Yara International has committed to a 10pc reduction in CO2 emissions by 2025 and aims for climate-neutral production by 2050. The producer has firm plans to replace 10pc of its ammonia production in the south of Norway with green production by 2022 and will fully convert to green ammonia production at its Porsgrunn site by 2050. Yara has partnered with local firm Nel Hydrogen to help it achieve is carbon-reduction goal.
Even companies with a large oil and gas focus are getting involved in the green ammonia process. Texas-based KBR’s K-GreeN solution is being developed to offer customers a complete green ammonia plant: from electrolyser to ammonia, or an add-on electrolyser that has no air separation unit or synthesis loop requirement.
A number of smaller organisations pioneering green ammonia in western Europe and the US are working on innovative ways to revolutionise the entire ammonia production process. Some of these new technologies are moving away from the traditional Haber-Bosch process altogether. Iceland-based Atmonia is working on a catalyst that works at ambient pressure and does not involve a separate hydrogen production in its process, but rather uses water directly. The electrocatalytic process emits no CO2 and Atmonia’s technology enables production to run intermittently, with relatively little cost associated with shutting down and restarting production. “This is a major advantage when relying on renewable energy, like solar and wind, for production,” Atmonia’s chief executive, Gudbjorg Rist, says. The company is currently building a prototype catalyst that will initially produce liquid ammonia for on-site fertilizer use, “but the end-goal will be to produce anhydrous ammonia”, Rist says.

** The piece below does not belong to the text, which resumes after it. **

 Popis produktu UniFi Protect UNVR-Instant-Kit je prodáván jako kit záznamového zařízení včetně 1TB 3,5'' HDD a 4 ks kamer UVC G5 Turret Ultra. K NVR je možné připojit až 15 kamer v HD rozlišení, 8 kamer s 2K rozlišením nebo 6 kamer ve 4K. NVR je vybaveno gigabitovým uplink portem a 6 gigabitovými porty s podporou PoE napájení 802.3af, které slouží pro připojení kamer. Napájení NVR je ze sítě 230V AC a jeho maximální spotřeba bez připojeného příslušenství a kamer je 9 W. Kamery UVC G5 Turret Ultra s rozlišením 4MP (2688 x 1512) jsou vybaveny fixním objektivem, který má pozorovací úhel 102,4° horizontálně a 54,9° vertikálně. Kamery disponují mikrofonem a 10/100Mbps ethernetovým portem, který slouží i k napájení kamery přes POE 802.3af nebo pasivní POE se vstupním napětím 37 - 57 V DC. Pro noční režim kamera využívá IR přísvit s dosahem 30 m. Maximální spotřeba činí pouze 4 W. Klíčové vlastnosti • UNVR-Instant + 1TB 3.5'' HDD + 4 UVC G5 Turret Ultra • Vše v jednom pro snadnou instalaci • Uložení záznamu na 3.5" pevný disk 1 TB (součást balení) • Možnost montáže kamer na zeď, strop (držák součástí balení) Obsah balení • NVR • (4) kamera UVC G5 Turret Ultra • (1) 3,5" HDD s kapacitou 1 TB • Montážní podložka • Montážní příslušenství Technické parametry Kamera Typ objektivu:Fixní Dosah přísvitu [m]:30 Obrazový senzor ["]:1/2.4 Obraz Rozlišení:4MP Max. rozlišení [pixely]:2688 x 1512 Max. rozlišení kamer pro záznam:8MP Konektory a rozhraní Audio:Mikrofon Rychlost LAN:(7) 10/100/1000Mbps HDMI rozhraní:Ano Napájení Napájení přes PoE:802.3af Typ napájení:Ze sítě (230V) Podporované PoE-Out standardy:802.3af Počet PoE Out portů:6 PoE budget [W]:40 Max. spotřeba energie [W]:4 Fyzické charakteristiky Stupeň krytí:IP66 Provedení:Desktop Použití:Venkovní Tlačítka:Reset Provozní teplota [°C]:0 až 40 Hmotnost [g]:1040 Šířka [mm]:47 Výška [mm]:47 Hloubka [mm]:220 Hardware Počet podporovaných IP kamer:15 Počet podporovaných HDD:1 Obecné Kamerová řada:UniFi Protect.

In the US, Colorado-based Starfire Energy is developing modular systems to produce carbon-free ammonia. The organisation recognised a growing need for a renewable fuel that can be stored and used in transport and heat applications, and it believes ammonia is the ideal fuel.
Starfire Energy has moved away from the traditional Haber-Bosch system of production and has developed a system that requires lower pressures than conventional ammonia. The company has developed an ammonia reactor that can directly follow variations in output from wind and solar power and uses no fossil fuel in the production process. The company started with a Rapid Ramp NH3 prototype reactor that has a 3 kg/d capacity and has now built a 10 kg/d system that will form the foundation for its 100 kg/d modular pilot system. A second pilot system is planned for 1 t/d. After that system, the team will scale the technology to 50 t/d, which can be replicated so that a single site that can accommodate 10 units can potentially produce 500 t/d of ammonia. “The units will be 80pc factory-built, with the remaining 20pc built on site,” Jennifer Beach, Starfire Energy’s co-founder and chief operating officer, says.

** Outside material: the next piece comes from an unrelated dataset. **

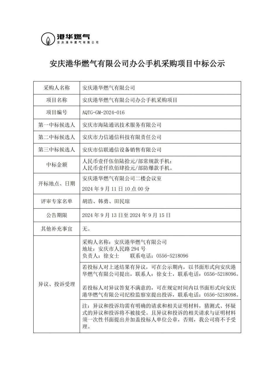 安慶港華燃氣有限公司辦公手機采購項目中標公示

Starfire Energy’s mission is to develop not just carbon-free ammonia production but also to provide the technology to tailor its end-use. The company is now developing a lower-temperature NH3 cracking catalyst that converts ammonia into nitrogen and hydrogen gas. The nitrogen and hydrogen can be used in combination at point of use, or the hydrogen can be used alone to power vehicles and plants that require high-pressure hydrogen for fuel cells.